In short, an automation tool (possibly a code review bot) pushed an update that essentially told the Internet that Facebook no longer exists. Again, if this were nearly any other company, this would have been no big deal. It also would have been easy to revert the change once it was detected. It would take a little bit for the change to propagate through the Internet and actually be accessible again, but it could happen.

Unfortunately for Facebook, it was not that simple for them. This appears to be a direct result of running everything off of their own infrastructure. For example, most companies pay another company to act as a registrar – that is, to tell the Internet “I own my domain name, and the web address for my domain name is facebook.com.” This means that even if the company’s network goes down, the pointer to the network is still up. Facebook does not do this. They run their own registrar. So when they told the Internet that Facebook no longer exists, they took that pointer with them.

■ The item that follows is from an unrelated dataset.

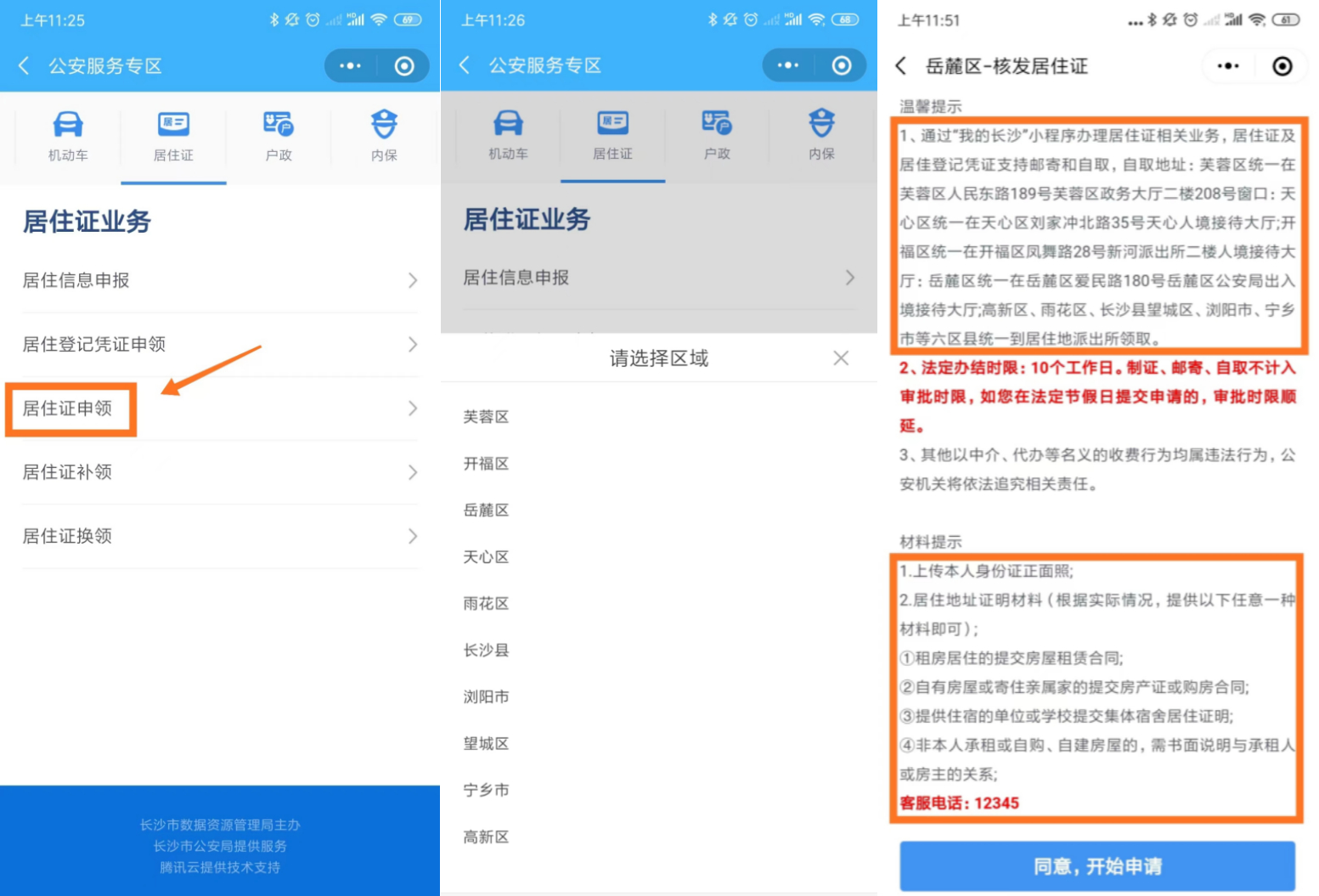 居住信息申报满半年后,准备好上述资料,可以在“我的长沙”小程序,点击“居住证办理”,进入“居住证申领”,选择您所在的区(县)。如下图所示:

Essentially, they not only bulldozed all of the roads that lead to Facebook, making it impossible to reach. They also removed all signs that point to Facebook, erased it from maps, smudged over satellite imagery of the location, and generally made it appear as though Facebook never existed. This meant that technicians could not remotely make any changes (which is usually the preferred method).

It gets worse.

Facebook runs nearly everything off of its own network. Not just normal corporate communications, but things like access control systems, electronic door locks, telephones… everything. This caused an impressive series of cascading failures where people couldn’t get into buildings, couldn’t call the security specialist that could bypass the electronic access controls, couldn’t access server racks to physically access the networking devices to walk back the bad update.

This is why the outage lasted as long as it did. How do you contact your security specialist when your phone system runs off of the network that is down? And if you have a list of backup phone numbers, it’s probably on an online page, which is also down.

Again, the impacts of Facebook being down extended well beyond facebook.com. Facebook processes many of the world’s domain name queries, which meant many non-FB services appeared to fail until queries switched over to other providers. As Facebook also owns WhatsApp, that too was down. This was especially important in areas of the world where WhatsApp is the only free messaging service. FB has worked to provide free access to Facebook and WhatsApp in some less developed countries, so those two services are essentially the Internet and the phone for many people. Thus, an American social media company’s technical blip caused communications isolation for many.

Lessons Learned

That’s all well and good, but what do we do about it?

First, check out this thread from Foone. A couple of points in particular I’d like to highlight:

Print out your most important documents. Points of contact for what to do when you lose power, network, phone, or have to evacuate the building and notify someone need to be on paper, not just digits. They also need to be easily accessible. Common techniques include sticking a document protector to the door and slipping your important stuff inside or putting them all in a binder and placing that next to the door (if you’ve ever seen SDS/MSDS, you know what I’m talking about). Make sure that you’ve pared down the info to just what you are comfortable with having on the nonsecure side of the door, because that’s where they’re going to be most useful to you in case you can’t get the door open.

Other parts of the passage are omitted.